Work to complete: The entries below are to be written out exactly, with no images included.

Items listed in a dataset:
────────────────────────────────────────

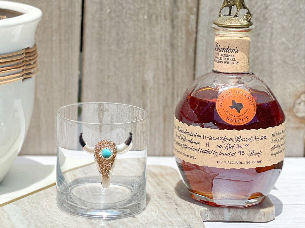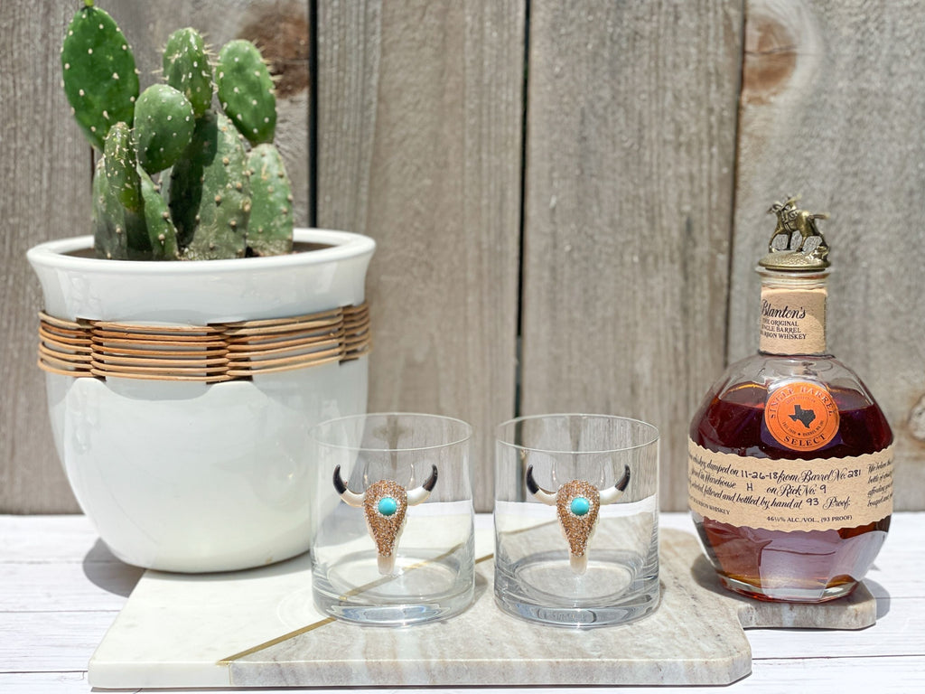 Turquoise and Rose Gold Rhinestones Longhorn Skull Whiskey / Old Fashion Glasses
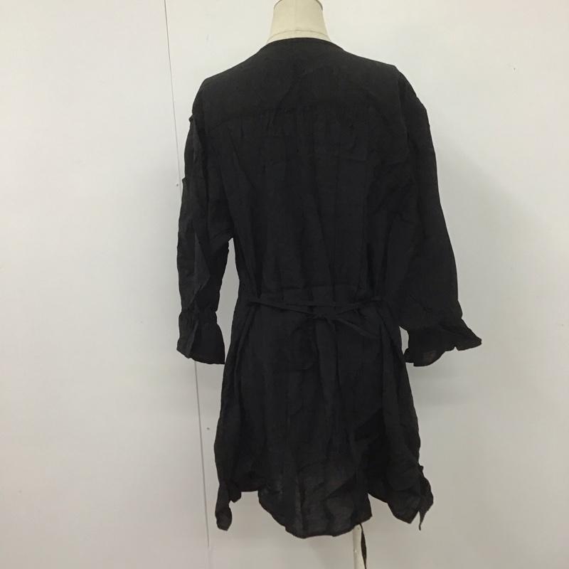 ローリーズファーム LOWRYS FARM シャツ、ブラウス 七分袖 LF621208AD レースフラップチュニック5S FREE 無地 黒 / ブラック / レディース USED 古着 中古 10107497
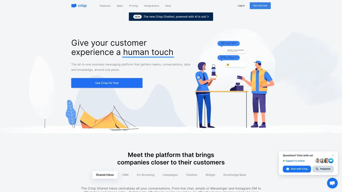 Crisp offers an all-in-one AI-powered customer support suite, empowering teams to automate inquiries and enhance customer interactions seamlessly.
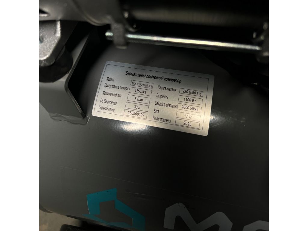 - Объем ресивера – 30 л
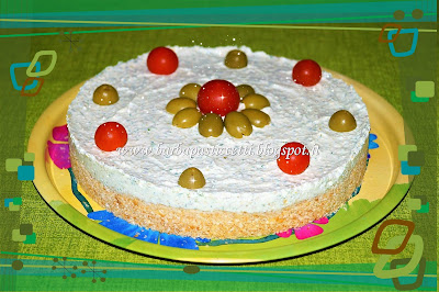Passato il tempo riprendere la Cheese cake dal frigorifero e decorarla mettendo al centro un pomodorino con attorno le metà delle olive verdi tagliate verticalmente per simulare i petali di un fiore.
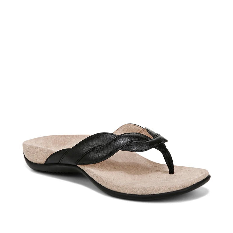 A fresh take on our iconic Bella, featuring a braided leather upper for a modern twist. The EVA cushioned insole with supportive contours ensures a smooth step, making this toe-post sandal the perfect companion for all-day comfort, whether you're at the beach or strolling through town. Engineered with Vionic’s exclusive technology, it's designed to promote balance and well-being with every step.

────────────────────────────────────────

Output for this task:
 Turquoise and Rose Gold Rhinestones Longhorn Skull Whiskey / Old Fashion Glasses
 ローリーズファーム LOWRYS FARM シャツ、ブラウス 七分袖 LF621208AD レースフラップチュニック5S FREE 無地 黒 / ブラック / レディース USED 古着 中古 10107497
 Crisp offers an all-in-one AI-powered customer support suite, empowering teams to automate inquiries and enhance customer interactions seamlessly.
 - Объем ресивера – 30 л
Passato il tempo riprendere la Cheese cake dal frigorifero e decorarla mettendo al centro un pomodorino con attorno le metà delle olive verdi tagliate verticalmente per simulare i petali di un fiore.
 A fresh take on our iconic Bella, featuring a braided leather upper for a modern twist. The EVA cushioned insole with supportive contours ensures a smooth step, making this toe-post sandal the perfect companion for all-day comfort, whether you're at the beach or strolling through town. Engineered with Vionic’s exclusive technology, it's designed to promote balance and well-being with every step.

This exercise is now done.